SOURCE DATA -
• • •

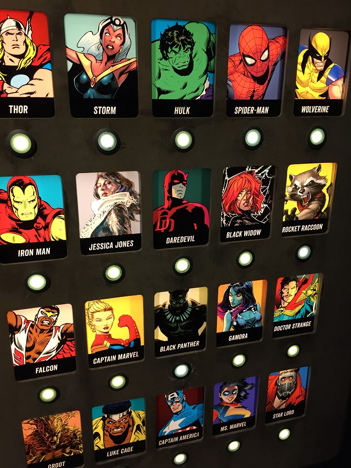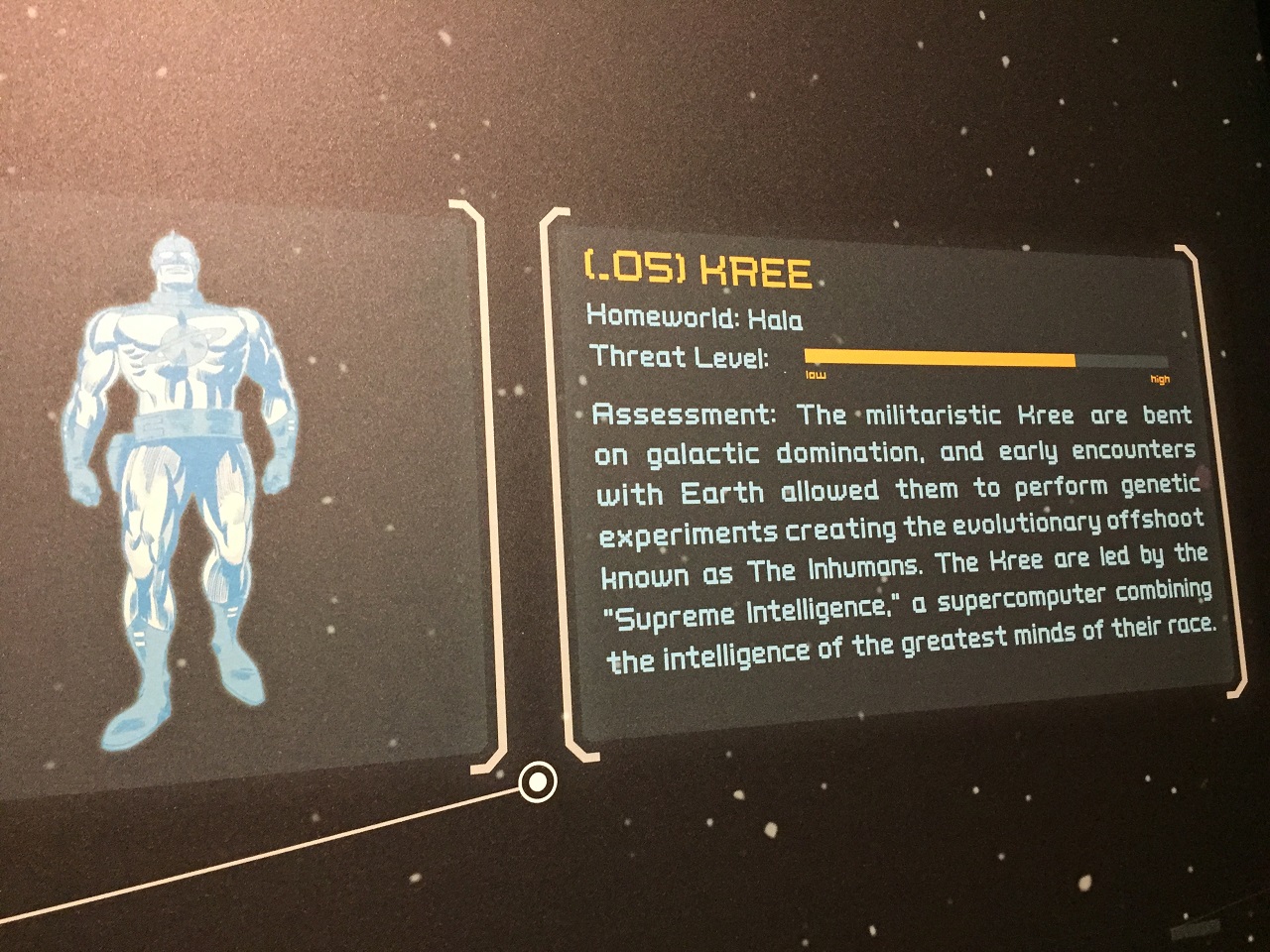 The world of superheroes needs not only villains but a world of aliens to encounter and potentially fight off world destruction. The map of alien worlds along with threat level and background information is truly for the superfan. You need to know which aliens are which. For me, after recently seeing Captain Marvel, I focused on the Kree because frankly that’s all I could remember. For the guy behind me with his Gen-X friends, they got a bit more intense into the deep dive of the aliens and didn’t need to read the boards.
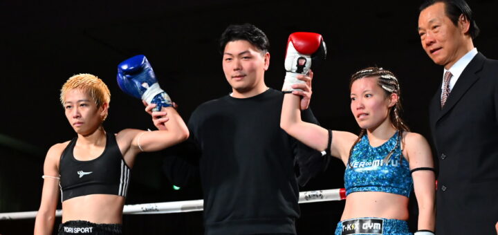 試合結果 2024-04-17 by BOUTREVIEW · Published 2024-04-17 ミネルヴァ 4.14 GENスポーツパレス(結果):NA☆NA、上野hippo宣子に判定勝ちも計量オーバーでスーパーフライ級王者に認定されず。Nao、青木繭、斎藤千種ら勝利
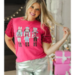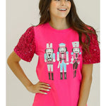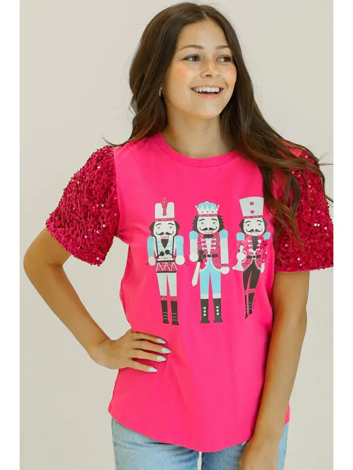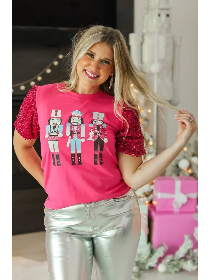 Imagine a playful pink short sleeve top that’s perfect for the holiday season. The body is soft and cozy, while the sleeves are a luxurious velvet, catching the light with every move. They’re adorned with shimmering sequins that sparkle like tiny ornaments. Right on the chest, a whimsical nutcracker design adds a fun and festive touch, making this top a delightful blend of comfort and holiday cheer. It’s the kind of piece that makes you feel festive and fabulous, whether you’re at a family gathering or just sipping cocoa at home!

• • •

PROBLEM STATEMENT -
Exact copy, pictures removed: set down the whole listing above.

THE ANSWER -
 The world of superheroes needs not only villains but a world of aliens to encounter and potentially fight off world destruction. The map of alien worlds along with threat level and background information is truly for the superfan. You need to know which aliens are which. For me, after recently seeing Captain Marvel, I focused on the Kree because frankly that’s all I could remember. For the guy behind me with his Gen-X friends, they got a bit more intense into the deep dive of the aliens and didn’t need to read the boards.
 試合結果 2024-04-17 by BOUTREVIEW · Published 2024-04-17 ミネルヴァ 4.14 GENスポーツパレス(結果):NA☆NA、上野hippo宣子に判定勝ちも計量オーバーでスーパーフライ級王者に認定されず。Nao、青木繭、斎藤千種ら勝利
 Imagine a playful pink short sleeve top that’s perfect for the holiday season. The body is soft and cozy, while the sleeves are a luxurious velvet, catching the light with every move. They’re adorned with shimmering sequins that sparkle like tiny ornaments. Right on the chest, a whimsical nutcracker design adds a fun and festive touch, making this top a delightful blend of comfort and holiday cheer. It’s the kind of piece that makes you feel festive and fabulous, whether you’re at a family gathering or just sipping cocoa at home!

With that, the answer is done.